The difference between the Australian three-month bank bill yield and the overnight indexed swap rate, a measure of funding availability, was little changed at 43 basis points, close to the narrowest since Lehman Brothers collapsed. The measure fell 6.8 basis points since Nov. 7, the smallest decline in three weeks.
Australia's central bank pumped A$1.46 billion ($972 million) into money markets today after estimating the shortfall would be A$1.7 billion. The country's banks increased deposits held at the Reserve Bank of Australia by A$417 million to A$4.74 billion yesterday, the central bank said on its Web site.
The central bank said it bought its own currency for a second straight day to ``add liquidity to the market.''
Japan
Japan's money-market rates are likely to fall as the Bank of Japan starts to pay interest on reserves that lenders deposit at the central bank, according to Tatsuo Ichikawa, a senior strategist in Tokyo at RBS Securities Japan Ltd.
The BOJ said last month it will start paying 0.1 percent interest on banks' reserves, encouraging finance companies to lend excess cash to the central bank. The interest payments will also stop the overnight lending rate falling below 0.1 percent, allowing for the increased provisions of liquidity. The BOJ's target rate is 0.30 percent.
``The BOJ has given a sign that it is going to provide massive liquidity from next week,'' Ichikawa said. It is like quantitative easing, without having to lower the overnight lending rate, he said.

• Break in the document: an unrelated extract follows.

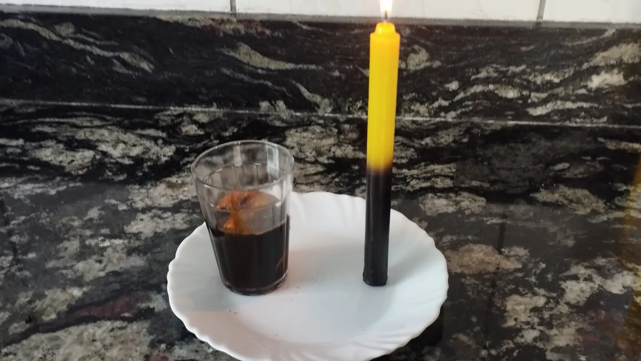 aí deixa lá queimar em cima de um uma mesa em cima de um fogão de uma pia depois que terminou de queimar a vela você pode guardar aqui essa cerveja por os três dias tá com seus pedidos dentro e depois dos três dias pode jogar ela num vasinho de planta se você tiver ou na terra e se não tiver como pode jogar na pia tá o papelzinho com os pedidos também pode amassar jogar no lixo que já recebeu ele já recebeu já cumpriu missão o restinho da vela também pode jogar no lixo tá e eu

Japan's overnight call loan rate was at 0.24 percent as of 3:41 p.m. in Tokyo, from 0.315 percent yesterday, according to broker Tokyo Tanshi Co.
Libor-OIS Spread
Money rates declined from last month's peak as central banks cut borrowing costs and provided unlimited dollar funding and governments offered bailouts and guarantees to financial institutions. Credit markets froze after Lehman Brothers filed for bankruptcy on Sept. 15.
Libor, the benchmark for $360 trillion of financial products worldwide, is set by a panel of banks in a daily survey by the British Bankers' Association before noon in London.
The Libor-OIS spread, which former Fed Chairman Alan Greenspan said in June should serve as a measure for determining when markets have returned to normal, was at 162 basis points yesterday. The spread measures the difference between the rate banks charge for three-month dollar loans relative to the overnight indexed swap rate.
The difference compares with 87 basis points on the last trading day before Lehman declared bankruptcy, and an average of 11 basis points in the five years before the onset of the financial crisis.